Literature DB >> 17485552

Gene-expression analysis identifies novel RBL2/p130 target genes in endemic Burkitt lymphoma cell lines and primary tumors.

Giulia De Falco1, Eleonora Leucci, Dido Lenze, Pier Paolo Piccaluga, Pier Paolo Claudio, Anna Onnis, Giovanna Cerino, Joshua Nyagol, Walter Mwanda, Cristiana Bellan, Michael Hummel, Stefano Pileri, Piero Tosi, Harald Stein, Antonio Giordano, Lorenzo Leoncini.   

Abstract

Burkitt lymphoma (BL) is a B-cell tumor whose characteristic gene aberration is the translocation t(8;14), which determines c-myc overexpression. Several genetic and epigenetic alterations other than c-myc overexpression have also been described in BL. It has been demonstrated that the RBL2/p130 gene, a member of the retinoblastoma family (pRbs), is mutated in BL cell lines and primary tumors. The aim of this study was to investigate the biologic effect of RBL2/p130 in BL cells and its possible role in lymphomagenesis. Therefore, we reintroduced a functional RBL2/p130 in BL cell lines where this gene was mutated. Our results demonstrated that RBL2/p130-transfected cells regain growth control. This suggests that RBL2/p130 may control the expression of several genes, which may be important for cell growth and viability.
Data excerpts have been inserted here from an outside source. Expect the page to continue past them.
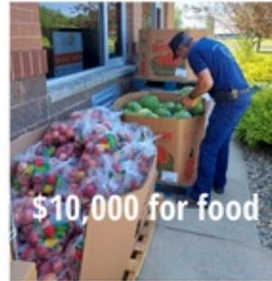
Milroy Community Food Pantry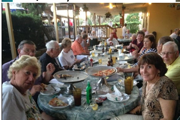
Naples Golf Outing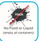
No Food or Liquid (empty all containers)

*For best results residents should have all properly prepared materials at the curb no later than 7:00 am. Remember, you have a service day not a collection time, routes run until finished. For any service issues always call MMWA at (989) 781-9555 within one business day of your service day.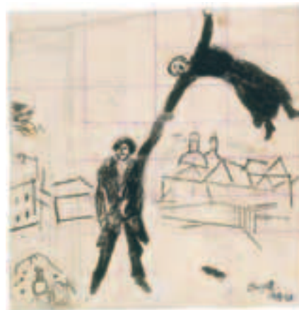
Marc Chagall The Promenade , 1919–20 New study on a theme from 1917, design for a banner and an engraving of My Life Graphite and ink on grid-lined paper, 4 15/16 × 4 13/16 in. (12.6 × 12.2 cm) Centre Pompidou, National Museum of Modern Art, Paris 1988 gift

individualist unbound by any regulatory or collectivist system. But this is precisely tantamount to squaring the circle for the artist: How to transmit such a libertarian outlook to teenaged students attempting to find their bearings in the midst of tremendous social change? How to reconcile this position with the Bolshevik mission of educating the people? Under these circumstances, one might say that Chagall's project was destined to fail, and he would not be at a loss for adversaries who sorely tested his desire to embrace different styles in the same pedagogical program.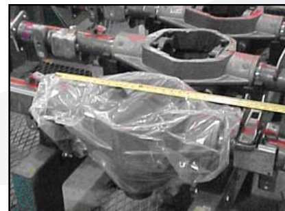
Zerust® ICT™520-CSL Film protecting a differential unit for service shipment. This unit is typically wrapped with VCI paper and sealed with tape.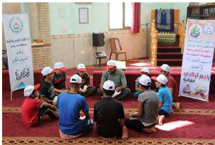
Qur'an memorization at a summer camp in the Khan Yunis refugee camp in cooperation with the Dar al-Qur'an wal-Sunna association (Facebook page of the summer camps committee in Khan Yunis, July 16, 2018).

Gene-expression analysis revealed a modulation of several genes, including CGRRF1, RGS1, BTG1, TIA1, and PCDHA2, upon RBL2/p130 reintroduction. We then monitored their expression in primary tumors of endemic BL as well, demonstrating that their expression resembled those of the BL cell lines. In conclusion, these data suggest that, as RBL2/p130 modulates the expression of target genes, which are important for cell growth and viability, its inactivation may be relevant for the occurrence of BL.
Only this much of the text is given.